In Wisconsin, piping plovers are nesting in Lower Green Bay and the Apostle Islands before heading south for the winter, Audubon Great Lakes says.

A piping plover chick, raised in captivity, is released in Green Bay.
A piping plover chick, raised in captivity, is released in Lower Green Bay’s Cat Islands restoration site. Photo Courtesy of Audubon Great Lakes

In mid-July, the U.S. Fish and Wildlife Service, Audubon Great Lakes, the Detroit Zoo and the University of Minnesota released four 28-day-old piping plover chicks, raised in captivity, at Lower Green Bay’s Cat Island Restoration site.

It was the first year the Fish and Wildlife Service released captive piping plovers outside of Michigan, and the first time in Wisconsin.

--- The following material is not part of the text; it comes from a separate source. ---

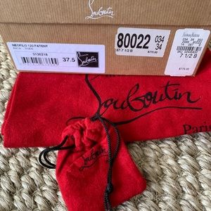Christian Louboutin Neofilo round toe nude patent heels in excellent preowned condition. Please see pictures for signs of wear. Comes with box, dust bag and extra heel rubber pieces with its dust bag as well
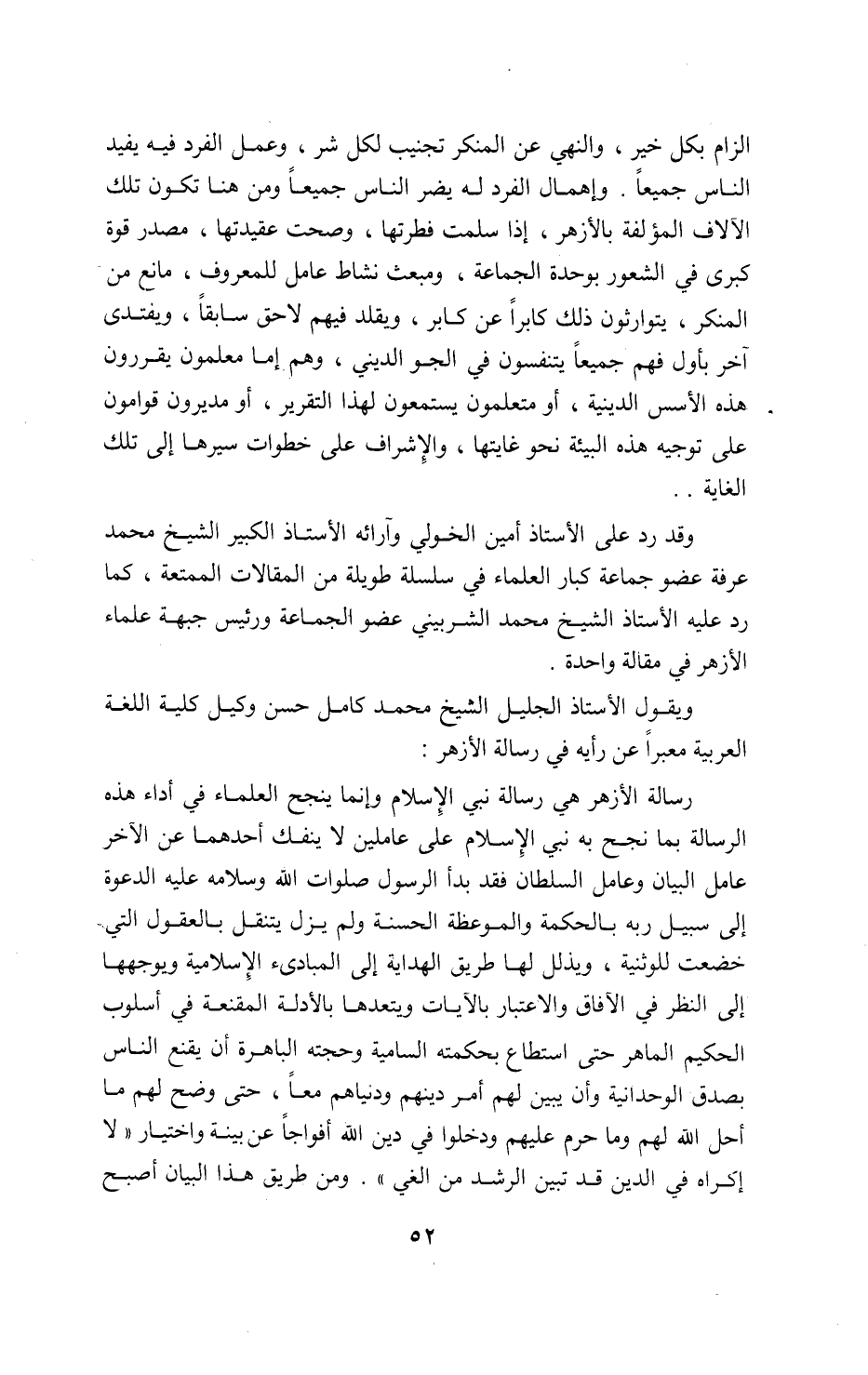 الزام بكل خير، والنهي عن المنكر تجنيب لكل شر، وعمل الفرد فيه يفيد الناس جميعا. وإهمال الفرد له يضر الناس جميعا ومن هنا تكون تلك الآلاف المؤلفة بالأزهر، إذا سلمت فطرتها، وصحت عقيدتها، مصدر قوة كبرى في الشعور بوحدة الجماعة، ومبعث نشاط عامل للمعروف، مانع من المنكر، يتوارثون ذلك كابرا عن كابر، ويقلد فيهم لاحق سابقا، ويفتدى آخر بأول فهم جميعا يتنفسون في الجو الديني، وهم إما معلمون يقررون هذه الأسس الدينية، أو متعلمون يستمعون لهذا التقرير، أو مديرون قوامون على توجيه هذه البيئة نحو غايتها، والإشراف على خطوات سيرها إلى تلك الغاية. .

Tom Prestby, Wisconsin conservation manager for Audubon Great Lakes, said Lower Green Bay was selected because piping plovers have been nesting at Cat Island since 2016, and there’s already a team monitoring the area daily.

“We have monitoring intact and those monitors are able to watch to see how these chicks do once they’re released,” he said. “Logistically, obviously, we’re a few hours drive from the station in northern Michigan, but that is shorter and logistically easier than some other places in the Great Lakes.”

Prestby said releasing the chicks outside of Michigan is a milestone for the species’ recovery because it will help build the bird’s population outside of its epicenter of Michigan. He also said biologists found that captive-reared piping plovers have a 75 to 100 percent rate of return to the site they were released from.

“The U.S. Fish and Wildlife Service and their partners are hoping that by releasing birds in places like Green Bay, Chicago and other places this summer, the birds will return there and build populations that are outside of Michigan, which is very important to the Great Lakes-wide recovery of this species,” said Prestby.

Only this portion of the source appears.